彼女は、いけないことにその手を染めてしまいました。
まだ何も知らない、雪のような白い手が、
まだ何の力もない、幼子のように純粋な手が、
みるみるうちに汚されていきました。
みるみるうちに穢されてしまいました。
それはもう、以前のような「彼女」ではなく、
ただの醜い、「女」と成り下がっていました。
やがて、女はもう一人の彼女を誘おうと思いました。
彼女は女の様子が変だと分かっていました。
ですから、彼女は女を助けようと思ったのでしょう。
しかし、それがいけなかった。
だけど、それは間違いじゃなかった。
彼女は自身と女に襲いかかる人たちを、自身の力で倒していきました。
しかし、彼女はその力を制御できず。
女すらも傷つけてしまいました。
女は病院に行きました。
彼女はお見舞いに行きました。
そして女は錯乱していたのか、彼女を見て、とてもひどい一言を放ちました。
とても、とてもひどい一言でした。
女は何も感じませんでした。
何も、感じることが出来ませんでした。
女が正気に戻ったとき、自分を責めました。
女の元に彼女はおらず、
彼女の元に女はいませんでした。
それが、女には耐え難い苦痛だったのでしょう。
それは、女への罪の対価なのでしょう。
やがて、女は自身を責め、攻めせめ続け、
やがて、女は死んでしまいました。
自身で命を絶ちました。
これが、女の出来た、彼女へのお詫び。
これが、女に唯一出来た、彼女への慰め。
しかし、彼女はそのことを知ることはありません。
女はそれでも良いと思いました。
ですが、彼女のことは思い続けている。
それが神様にも通じたのでしょう。
神様は、女を自分の妻として、娘として迎え入れました。
神様は、女に自身と同じ力を、女に宿しました。
そして女は力を手に入れました。
その手はすでに何事をも跳ね返す白い手で。
その手はすでに何者をも守れる強い力を手に。
女は思いました。
この力で、彼女をあらゆる事から守ってあげようと。
この力で、彼女が望むものを全て与えてあげようと。
すこし、昔の話をしましょう。
すこし、昔の話をしましょう。
※――――
「あなたが……」
蒼い髪の女はこちらに向かってその双眸で睨んでいる。
「あなたが、いるから……っ! 桜田さんは……! さーちゃんは、苦しんでいる……! もがいている……!」
……おいおい。
俺、ひょっとして邪魔なのか?
はっはっは。
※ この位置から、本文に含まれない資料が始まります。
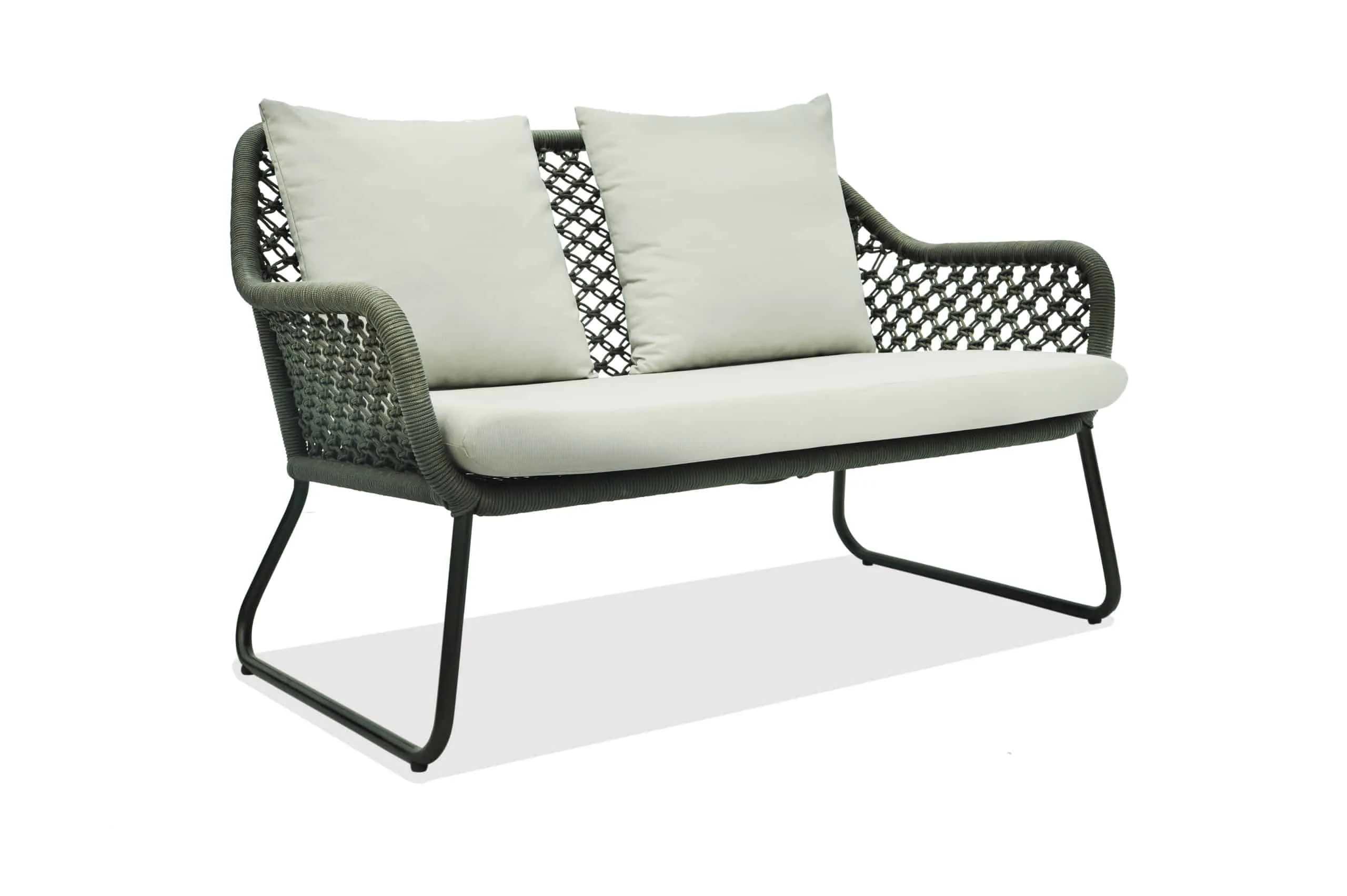 A comfortable and aesthetic two-seater sofa, made from the finest materials. Built using a strong aluminium base, this furniture features a weaved polyrope backing for strong support. The carbon lacquer and anthracite rope emphasise the modern and timeless look. The cushions feature Sunbrella fabric for excellent protection against sun fade and water repellent.

いや、まいったな。
でもな……。
「もう二度と、守れるもんを手放したくねぇんだよ」
静かに、そう言った。
「そう……なら、仕方ないわね」
蒼い髪の女は、その双眸で睨みながら、俺の首をつかんだ。
強い力だ。
息が出来なくなってきている。
自分の首から出ているのは、もはやすきま風のような息だけ。
苦しい。
「ここで、あなたは誰にも知られずに、死になさいっ……」
ここで全て終わる。
ああ。終わりか。終わりなんだな。
くそっ。終わりかよ。
気が遠くなりながら、俺は未練を残していた。
まだまだやることはある。だから俺はまだ死ねない死にたくない。
けど、この状況ではどうしようもない。
どうすることも出来ない。
そう思ったとき。
「藤代さん!!」
あいつの、声がした。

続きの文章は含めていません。